Onalan, 1999 Körfez Depremi'nin yer bilimleri ve diri fay araştırmaları açısından önemli olduğunu vurgulayarak, Türkiye'nin kıta içi diri faylar bakımından dünya üzerindeki önemli bölgelerden biri olduğunu söyledi.
Geçmişte yaşanan depremler ve 6 Şubat tarihinde binlerce insanın hayatını kaybetmesiyle sonuçlanan 1999 depreminin ülkenin ciddi bir deprem potansiyeline sahip olduğunu gösterdiğini ifade etti.
"Onlarca il ve yüzlerce ilçe, fay hatları üzerinde bulunuyor" diyen Onalan, bu durumun son yüzyılda onbinlerce insanın kaybına neden olduğunu belirtti. "Bu bir kader değil" diyen Onalan, yerleşim alanlarının planlanmasında jeolojik etmenlerin göz önünde bulundurulması gerektiğine dikkat çekti.
"30 Ekim 2020'deki Bayraklı depremi, İzmir'de uyarı niteliğinde oldu" diyen Onalan, İzmir'in hâlen bir depremle karşılaşmadığını ancak beklenen fayların hala harekete geçmediğini söyledi. Bu fayların ne zaman harekete geçeceğinin ve İzmir için risklerin tartışılması gerektiğini vurguladı.
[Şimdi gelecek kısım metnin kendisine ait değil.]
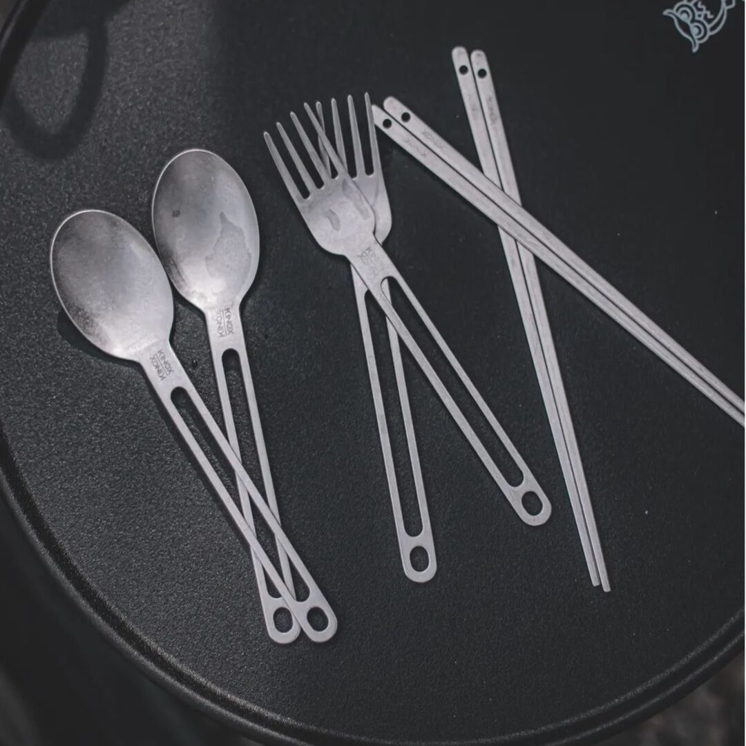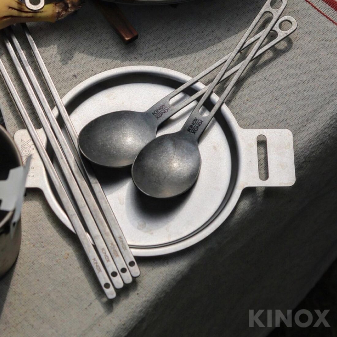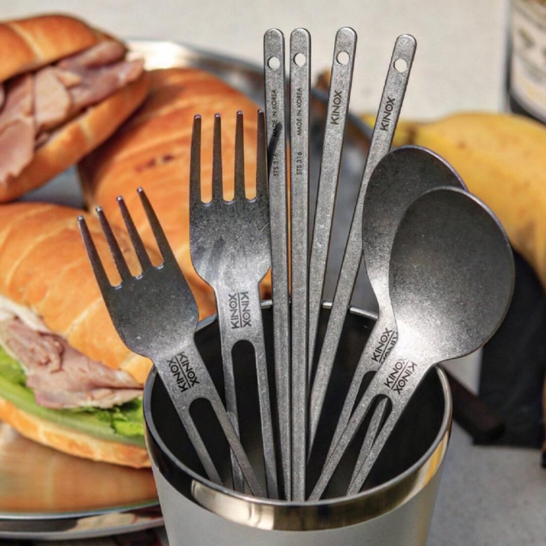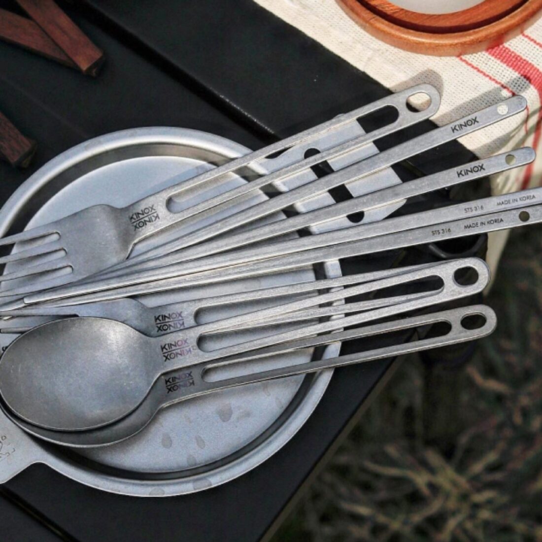 เติมเต็มสุนทรียภาพบนโต๊ะอาหารแคมป์ปิ้งของคุณด้วยชุดช้อนส้อมและตะเกียบ KINOX ที่ผสมผสานความทนทานเข้ากับดีไซน์สไตล์วินเทจได้อย่างลงตัว ผลิตจากสแตนเลสสตีลเกรดการแพทย์ STS 316 ซึ่งเป็นวัสดุที่ใช้ในอุปกรณ์การแพทย์และชิ้นส่วนอากาศยาน จึงเหนือกว่าด้วยความทนทานต่อการกัดกร่อนและสุขอนามัยที่ยอดเยี่ยม พื้นผิวผ่านการขัดแบบ Sandblasted ให้ความรู้สึกแบบรัสติกสไตล์เอาท์ดอร์ และยังช่วยลดการเกิดรอยขีดข่วนและรอยนิ้วมือได้เป็นอย่างดี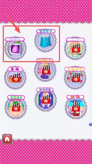 2、进入粉色波点的界面后,点击九宫格样式的功能图标,可从中选择“梦幻衣橱”“购物袋”等功能选项;界面左下角的红色方块为返回按钮。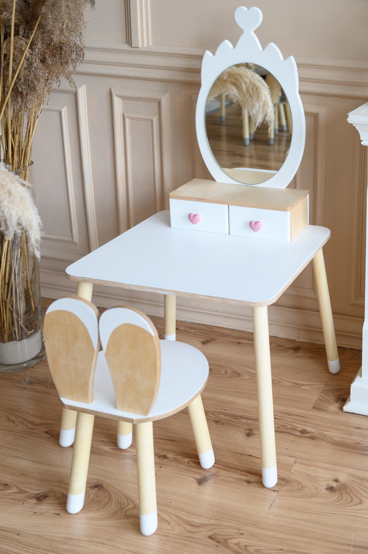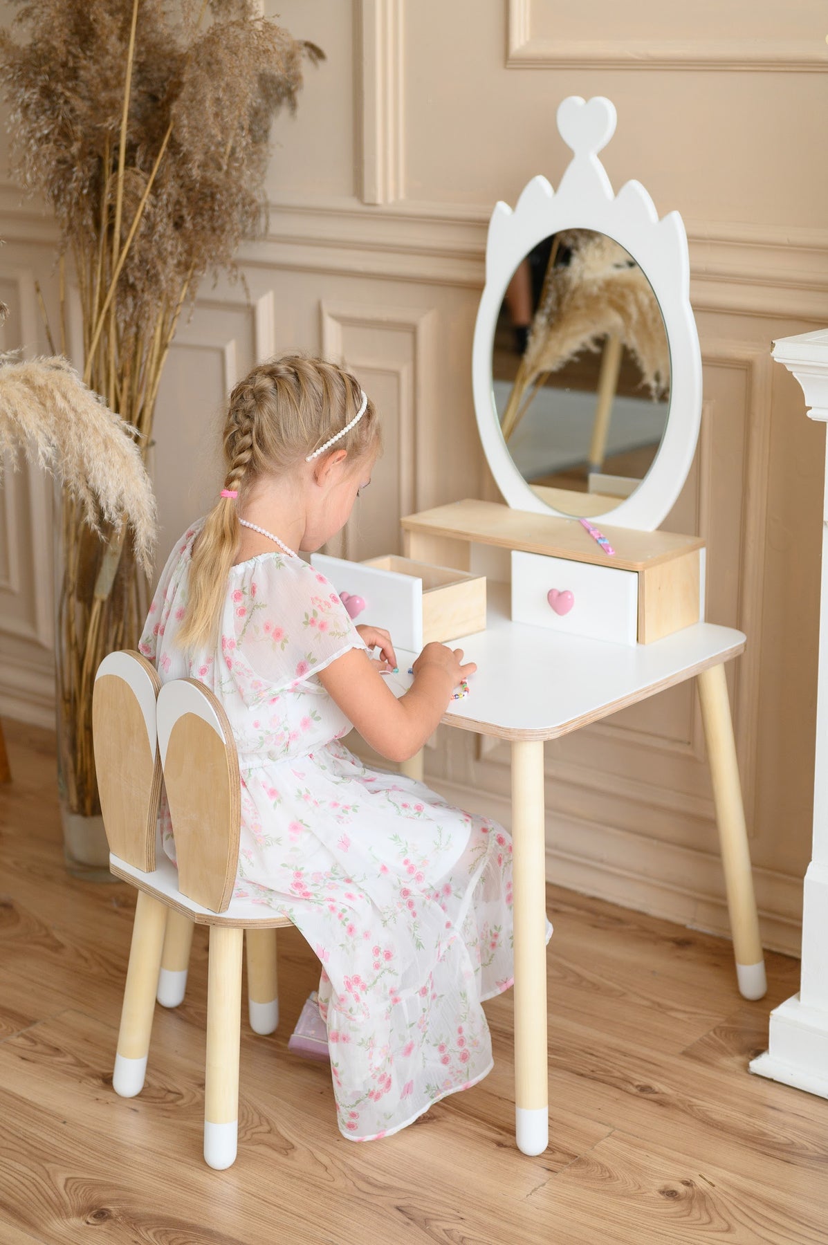 Sminkebord til barn, hvid og naturfarvet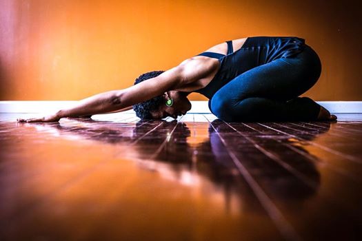 Bring your knees wide and your toes together to touch. Press your sit bones back to your heels and stretch your arms long in front of you. Feel the tops of your feet, your ankles and shins rooting down to the floor; root your palms and spread fingertips well. Breathe deeply through the nose, find a nice even pace to your breath and release your tongue from the roof of your mouth. Take an inventory of the body as you breathe, notice any areas that may feel tight (the inner thighs, the hips); send your breath there. Child’s pose is a wonderful restorative pose, it is calming and centering; Child’s Pose can be held for an extended period of time.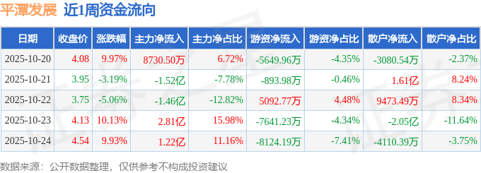 资金流向数据方面,本周平潭发展主力资金合计净流入1.93亿元,游资资金合计净流出1.72亿元,散户资金合计净流出2093.18万元。本周资金流向一览见下表: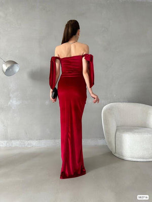 Rochia lunga din catifea, potrivita pentru ocazii speciale si mulata pe corp, emana eleganta si rafinament. Iata o descriere detaliata a acestei rochii: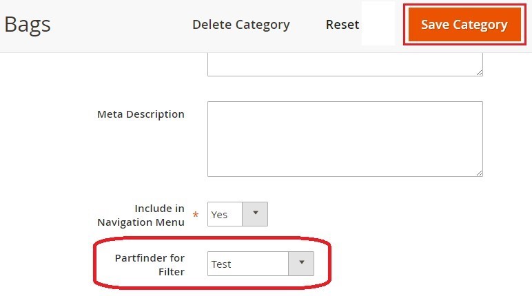5. Now, you can select the part finder for filter and click on ‘Save Category’ button to save your option to display at front-end.
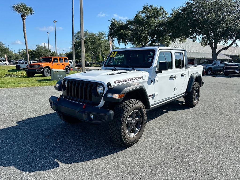 The price does not include tax, tag, license, an electronic filing fee of $449.00**, a private tag agency fee of $199.00**, and a predelivery service charge of $1199.00** **This charge represents costs and profit to the dealer for items such as inspecting, cleaning, and adjusting vehicles, as well as preparing documents related to the sale. * EPA-estimate metric: these are contingent on ideal conditions within a lab. Real-world situations such as carrying passengers or cargo, using climate control, driving style, and ambient temperatures can affect actual metrics. 17/22 City/Highway MPG Clean CARFAX. CARFAX One-Owner. Bright White Clearcoat 2023 Jeep Gladiator Rubicon 4WD 8-Speed Automatic 3.6L V6 24V VVT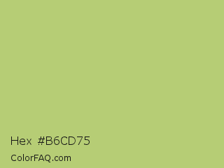 Hex #b6cd75 Color is a light lime color and the nearest color is Wild Willow #b9c46a. Hex code #b6cd75 and RGB value is rgb(182,205,117). In RGB color space, this color is composed of 71% red, 80% green, 46% blue, In CMYK color space, this color is composed of 11% cyan, 0% magenta, 43% yellow , 20% black , In HSL color space, this color has a hue angle of 76° , 47% saturation and 63% lightness.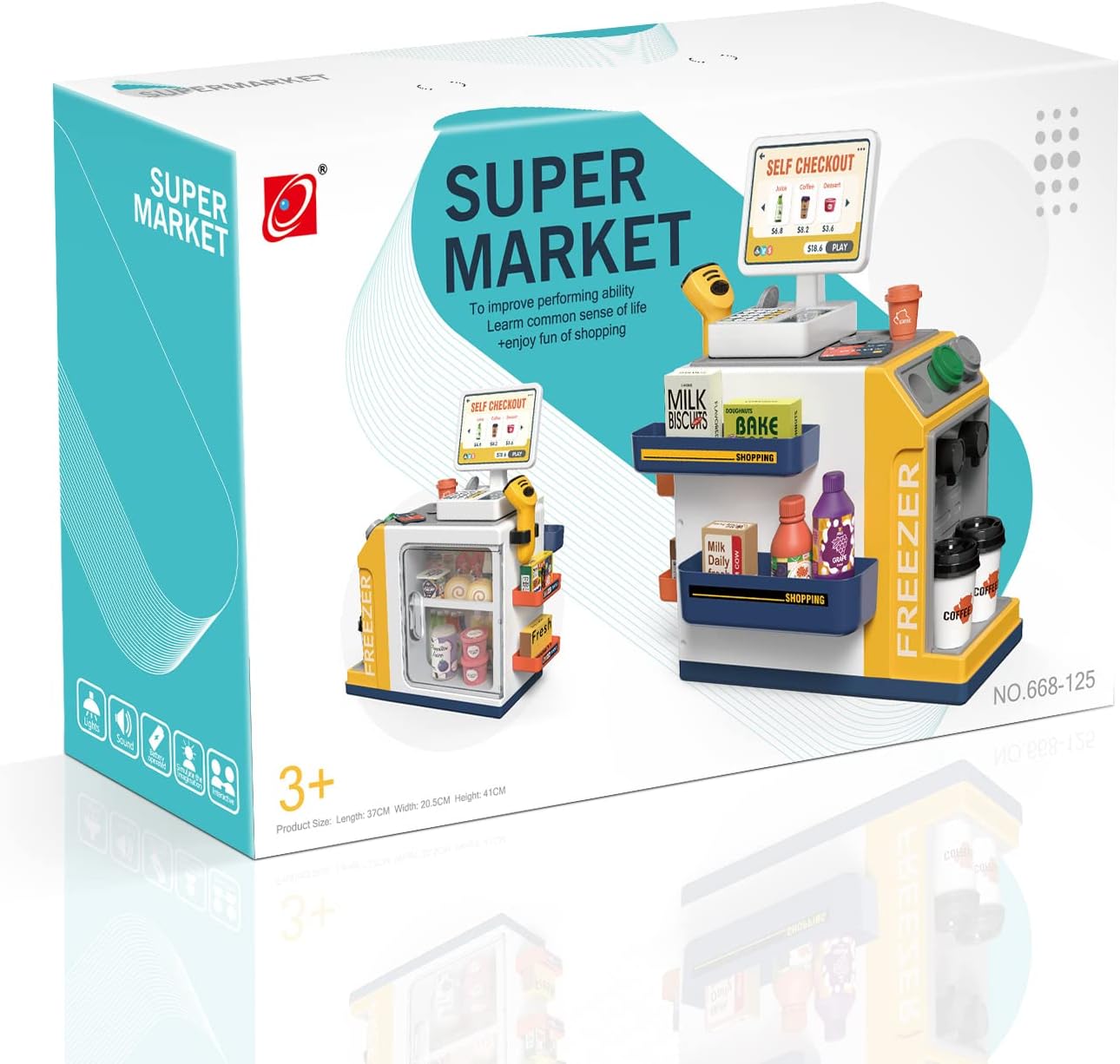 Cash Register Playset for Kids – 48PCS Pretend Play Money, Calculator, Scanner, Credit Card and Play Food for Boys and Girls Ages 3+ (668-125)Create a new description for this product from the title with 500 characters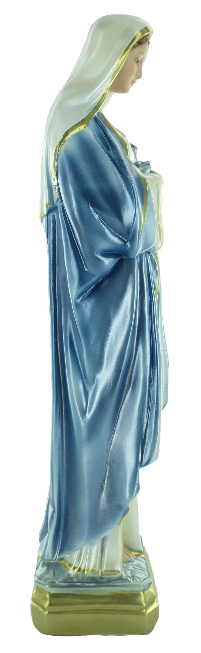 Questa statua del Sacro Cuore di Maria da 40 cm è realizzata artigianalmente in Italia e si distingue per la qualità della fattura e per il sapiente uso dei colori. L'effetto madreperlato rende le tinte molto lucenti e arricchisce la figura di suggestivi riflessi, donandole un aspetto elegante e pregevole. La statua del Sacro Cuore di Maria è ideale per grandi nicchie e luoghi di culto mariani. La luce delle fiammelle dei lumini o dei faretti esalterà l'effetto iridescente della sua rifinitura madreperlacea.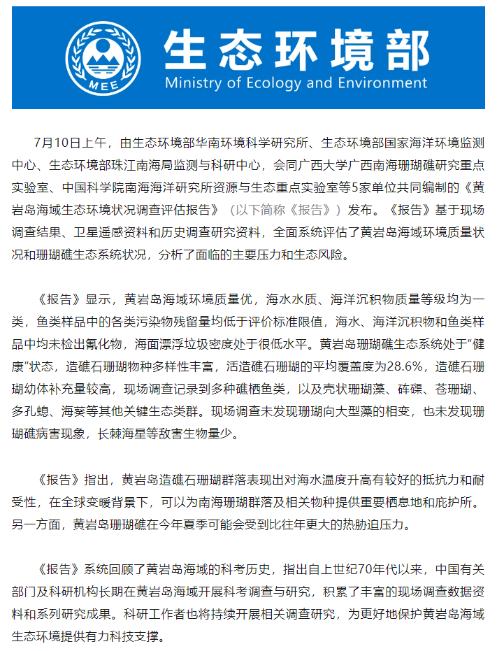上一条:新华社消息|《黄岩岛海域生态环境状况调查评估报告》发布
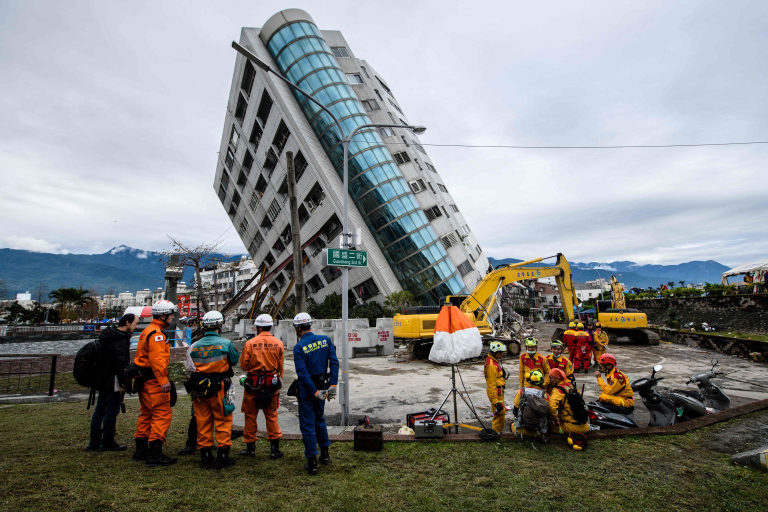 Rescue workers looking at the Yun Tsui building (centre), in Hualien after the Taiwanese city was hit by a 6.4-magnitude quake late on Feb 6, 2018. The building's developer has been detained for negligent manslaughter.

TMMOB Jeoloji Mühendisleri Odası olarak bir fay yasası sunduklarını ve bu yasanın alt yapısının oluşturulması gerektiğini belirten Onalan, şehir planlamalarının bu riskli bölgelerde nasıl yapılacağına dair çalışmaların hızlandırılması gerektiğini ifade etti.
"Ülkemiz coğrafi olarak genç bir bölge ve hala oluşma sürecinde" diyen Onalan, fayların geçmişten beri var olduğunu ancak bu fayların belirlenmesi ve takibi için ciddi bir çalışma ve uzmanlık gerektiğini söyledi. Türkiye'deki fayların sayısının arttığını ve bu fayların kırılma potansiyellerinin arttığını belirten Onalan, ülkenin bir deprem ülkesi olduğunu ve risk altında olduğunu söyledi.
Onalan, afet riskine karşı halkın bilinçlendirilmesi gerektiğini ve acil durum planlarının yapılması gerektiğini vurguladı. Bunun için bilim adamlarının ve yerel yöneticilerin sorumluluk üstlenmesi gerektiğini ifade etti.